Payne's initial approach is so unhurried, and the early mise-en-scène is so unremarkable, that it's not immediately apparent what distinguishes the film from made-for-network-television proceedurals. Miles wakes and lumbers about his bachelor pad, gets into his car, runs some errands, and picks up Jack at his future in-laws' opulent home. Most are wide shots, from a neutral distance, marking the progress of our protagonist through the suburban landscape. Rolfe Kent's score is particularly jaunty here, and the steady California sun is evenly distributed, no signs of shade.

Their destination is wine country, and the camera notes every exit ramp and roadside distraction along the way. Far from Miles's characterless apartment, he seems at home in the family-owned motel and restaurant that they frequent throughout the week. It turns out that he's been to all these places before-on wine-tasting excursions with his ex-wife-and he's alternately proud and embarrassed by the fact that everybody knows his name. He's a bourgeois Norm, while Jack, the erstwhile Sam Malone, just wants to party. Which makes Miles even more squirmy as he's cajoled into fraternizing with the waitresses and wine-pourers that he'd previously kept at a class-determined distance. Jack gleefully, guiltlessly pursues an affair with a game wine pourer (and single mother) played by Sandra Oh, while unattached Miles can't get over the news of his ex-wife's remarriage-which only sharpens his condescending disinterest in a beautiful waitress (Virginia Madsen). The camera has gotten closer and closer, taking its first real close-ups from across the table of a double date, and holding close to Miles's face as he crosses into intoxication and makes a unwise call to the ex. “You didn't drink and dial, did you?” Jack asks. The music has gotten warmer, bluesier, and then vanishes altogether to make room for conversation. The waitress asks about his novel. Miles squirms. He tells her it's called The Day After Yesterday. “You mean, today,” she says.

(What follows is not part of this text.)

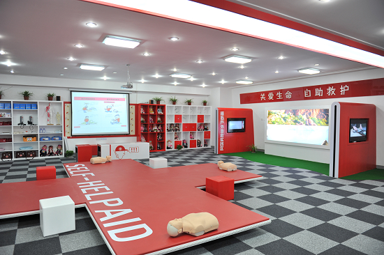 揭牌仪式结束后,领导们来到“少儿红十字救护普及园”现场参观。占地200多平方米的空间里,摆放了小安妮模型、担架、轮椅和急救箱、娃娃等物品。这里可以容纳30—50位小朋友同时进行止血、包扎、固定、搬运的操作体验;三面墙上均有大电子显示屏,可以模拟灾害现场情景,让小朋友们从心理上不畏惧灾难;沧浪少年宫的老师们经过市红十字会的相关培训,已经可以辅导小朋友在灾难来临时如何应对自如,如何逃生和自救互助。

No other contemporary American filmmaker handles issues of class with more sensitivity than Alexander Payne, from the campaign for student council president that pitted a ruthless social climber against a blissfully clueless son of new money in Election, to the obvious disdain that Warren Schmidt—iconically middle class and miserable—has for the family of vaguely white-trash “pigs” that his daughter marries into in About Schmidt. We don't admit to having a class system in America, but Payne shows us-without digressing from the points of view of his characters-how much we depend on classist presumptions to define our places in society. In Election, we hate Tracey Flick's galling ambition so much that we're willing to go along with Mr. McAllister's subversion of democracy, just to put her in her place. And Warren Schmidt, searching for meaning in cloying children's charities and garish porcelain hummels, ought to see that one person's winnebago is another person's hot tub, but he can't. It's a matter of taste, and we usually don't have the stomach to admit that it's money we're trying to taste. In Sideways, class is demarcated not only by a discerning palette for fine wine but by the social advantages that possessing such a palette implies. Though Virginia Madsen's waitress exhibits knowledge of wine, Miles doesn't really listen to her opinions until she demonstrates an astute passion for it. Since Miles can't really match her passion (not only is she studying horticulture but she bypasses jargon for a lovely, literate, and erotic description of pinot), it's apparent that his own taste is as practiced as Jack's crude pickup lines: he responds to her sophisticated seduction with a clumsy kiss and is rebuffed.

Without his WASPy ex around to impress, and with the woman he thought below him now much higher, his taste for wine becomes an embarrassing excuse for common drunkenness. Which, of course, is the common denominator. Stripped of his pretentions, Miles confronts the vast depths of his sadness. It's no coincidence that when Payne's protagonists reach bottom they're not as discerning as they once were-they'll grab whatever lifeline they find. They're desperate, and they're no longer hiding it. And almost instantly, they're likeable. After playing nebbishy art-slobs for the past few years in films like Storytelling and American Splendor, Giamatti isn't exactly stretching here, but his performance is deeply affecting. On his awkwardly bearded, wantonly blushing face, he registers at least eleven kinds of loneliness.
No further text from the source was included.